Es lo que es

El debate que nunca desaparece: No se debe esperar cambios significativos en las leyes de armas de EEUU

Comparte en

Share on facebook
Share on twitter
Share on whatsapp
Share on telegram

Esta tragedia ha reavivado el debate sobre el control de armas en Estados Unidos. Pero siendo realistas, es poco probable que resulte en una reforma significativa. La discusión sobre las armas simplemente se ha vuelto demasiado políticamente divisiva y culturalmente arraigada como para permitir un cambio significativo.

Por: Sarah Smith – BBC / Traducción libre del inglés de Morfema Press

Es importante recordar que las armas de fuego son normales en muchas partes de Estados Unidos. No son vistas como excepcionales o aterradoras como lo son para los extraños. Son parte de la vida cotidiana.

Los propietarios estadounidenses de armas, y se estima que hay 80 millones de ellos, ven sus armas de fuego como protección: una forma de defender sus propias libertades y propiedades.

En un país donde existe la posibilidad real de que un delincuente armado irrumpa en su hogar o lo asalte en la calle, muchos consideran que llevar una es una precaución sensata.

Las armas son tan omnipresentes en Estados Unidos que nadie podrá quitárselas de las manos a los delincuentes. Y así va el argumento: los buenos también deberían tenerlos.

Todos sabemos que el derecho a portar armas está protegido por la Segunda Enmienda de la Constitución de los Estados Unidos. Lo que está menos claro para los que están afuera es por qué un documento escrito hace casi 250 años en respuesta a una guerra revolucionaria todavía tiene tanta resonancia en 2022.

¿Qué tan poderoso es el lobby de armas de Estados Unidos?

La libertad y el derecho a defenderse son fundamentales no solo para la historia del origen de Estados Unidos, sino también para la cantidad de personas que piensan en Estados Unidos sobre su país y sus valores en la actualidad.

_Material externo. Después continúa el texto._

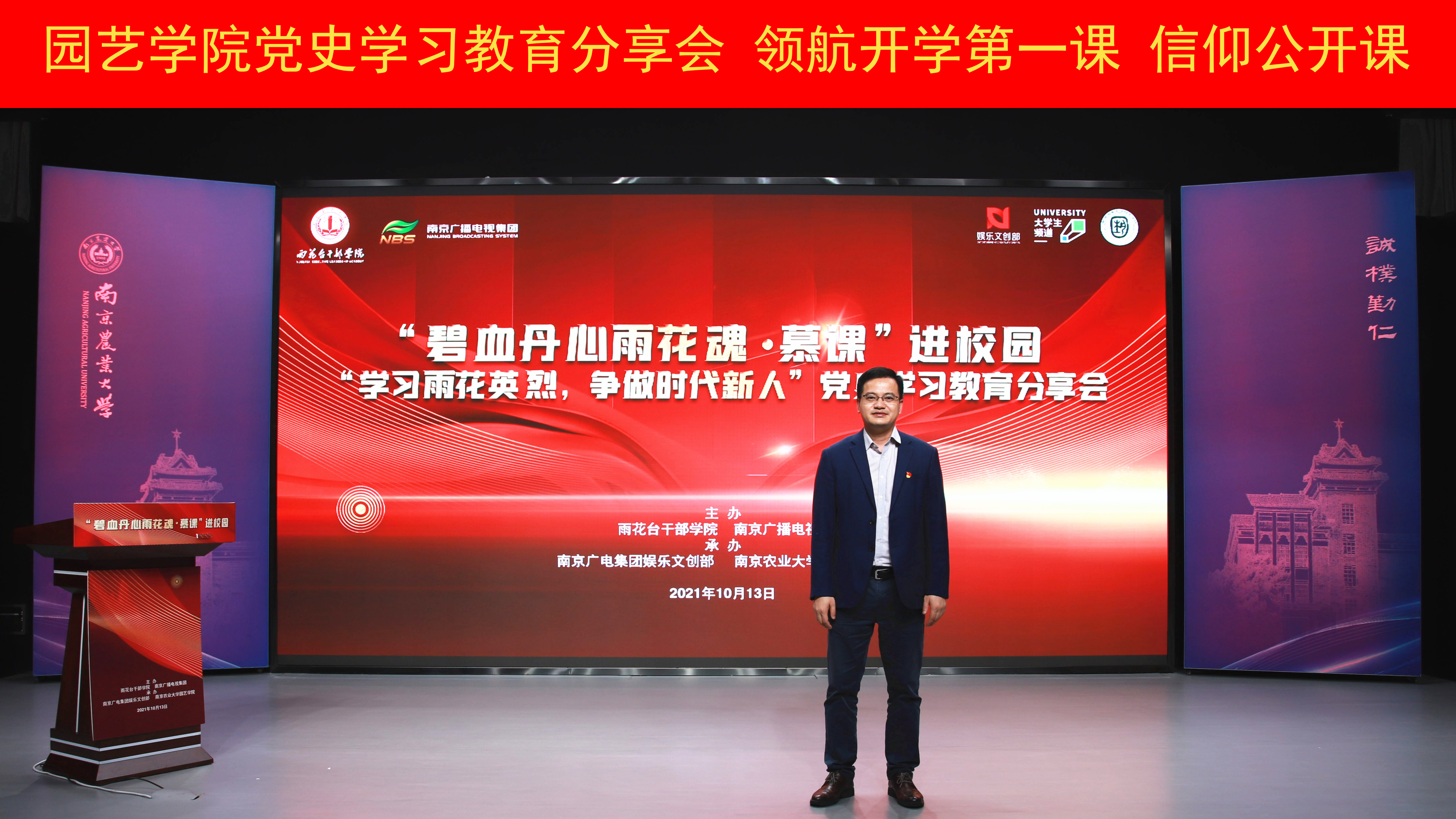 党委深化党史学习教育、领航开学第一课、信仰公开课的重要举措,旨在为大学生树立正确人生观、价值观提供帮助,通过积极传播雨花英烈的故事,大力弘扬英烈精神,激励在校大学生爱党爱国、扎实学习、报效社会。本次活动得到南京电视台大学生频道的大力支持,在Live南京频道、牛咔视频App等平台全程直播。

Algunos de los argumentos más vociferantes a favor de las armas provienen de la rica y poderosa Asociación Nacional del Rifle (NRA) que quiere defender las ganancias de sus seguidores. Pero muchos de los argumentos también provienen de ciudadanos comunes.

Para muchos, su derecho a portar un arma se considera tan fundamental como su derecho a la libertad de expresión. Prohibir o restringir las armas se considera una violación de sus derechos como estadounidense.

Esos derechos han sido objeto de debate antes, especialmente a raíz de tragedias como la de Texas.

En 2012, un hombre armado solitario irrumpió en la escuela primaria de Sandy Hook y mató a seis adultos y 20 niños. Después hubo una oleada de apoyo al control de armas similar a la que estamos viendo ahora.

El presidente Barack Obama prometió hacer todo lo que esté a su alcance para actuar y sus demócratas propusieron leyes en todo Estados Unidos que prohíban modelos específicos de armas de fuego y mejoren las verificaciones de antecedentes.

Algunas de esas medidas recibieron el apoyo de los republicanos, pero nunca fue suficiente para pasar por el Congreso y convertirse en ley.

Las familias de los muertos de Sandy Hook estaban tan frustradas por el fracaso de la reforma de armas que tomaron el asunto en sus propias manos y eligieron demandar directamente al fabricante del rifle AR-15 utilizado en el ataque de 2012.

A principios de este año, Remington Arms llegó a un acuerdo con nueve de las familias por $ 73 millones (£ 53,9 millones), lo que hace probable que haya más de estas demandas en el futuro.

Un gran número de estadounidenses están asqueados por las altas tasas de violencia armada en su país. Los llamados hoy son más fuertes para al menos restringir la posesión de armas y deshacerse de las armas semiautomáticas que no son necesarias para defender la vida o la propiedad de nadie.

Los defensores de la reforma hablan de otros tipos de libertad, como el derecho de un niño a ir a la escuela sin temor a que le disparen. Todo en un país donde las armas son ahora la principal causa de muerte entre niños y adolescentes.

Los números son asombrosos. Más de 4300 menores de 18 años murieron por lesiones relacionadas con armas de fuego en 2020. En comparación, unos 50 policías estadounidenses murieron por heridas de bala en el mismo año.

Pero no espere el tipo de respuesta política provocada en 1996 por la masacre de Dunblane en el Reino Unido , a la que los parlamentarios respondieron prohibiendo efectivamente todas las armas de fuego de propiedad privada.

En los próximos días surgirán discusiones en los programas de televisión por cable de EE. UU. y en las redes sociales sobre a quién se le debe permitir comprar armas y qué tipo de armas se les permite, pero no sobre su derecho a portar armas.